Due to a 418,449 net customer gain in the second quarter and continued strong subscriber growth, XM Satellite Radio increased its year-end subscriber guidance from 2.8 million subscribers to 3.1 million subscribers Thursday.

"We are thrilled by our subscriber growth in both the new car and retail markets during the first half of this year," said Hugh Panero, XM CEO and president. "With our programming, marketing and new product initiatives, we feel confident increasing our year-end 2004 subscriber guidance."

The increased guidance came along with second quarter results.

XM reported Thursday that revenue for the three-month period was $53 million, nearly tripling the $18.3 million reported in second quarter 2003. Revenue for the second quarter also represented a 23 percent increase when compared to revenue of $43 million reported in the first quarter.
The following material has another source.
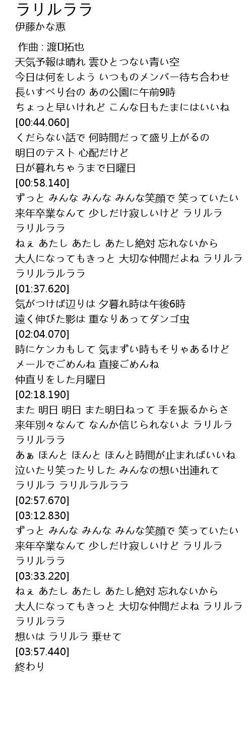 | [03:40.000] | 大人になってもきっと 大切な仲間だよね ラリルラ ラリルララ |

XM's net loss for the period was $166.1 million, compared to $161.9 million for second quarter 2003.

http://www.skyreport.com (Used with permission)


----------



## Lee L (Aug 15, 2002)

Seems like 10 minutes since they passed 1 million. I think they just added as many subs in 2Q as they did their first 2 years.


----------



## Steve Mehs (Mar 21, 2002)

XM hit the 1 Million subscriber mark on October 27th 2003 and hit 2 Million on June 14th 2003. A million subs in eight month is pretty good. If XM plays the additions of Opie & Anthony and Bob Edwards right from a marketing perspective, XM could see tremendous growth in the coming months.


----------



## XM DUDE (Jul 9, 2004)

I could totally see this happening, I see a day where XM hits 100,000,000 :icon_hroc


----------



## Steve Mehs (Mar 21, 2002)

Looking at this overa months later, no doubt XM will surpass 3.1M by the end of the year. Currently they have 2.8 million subscribers, with three and a half months left to go it should be a cake walk.


----------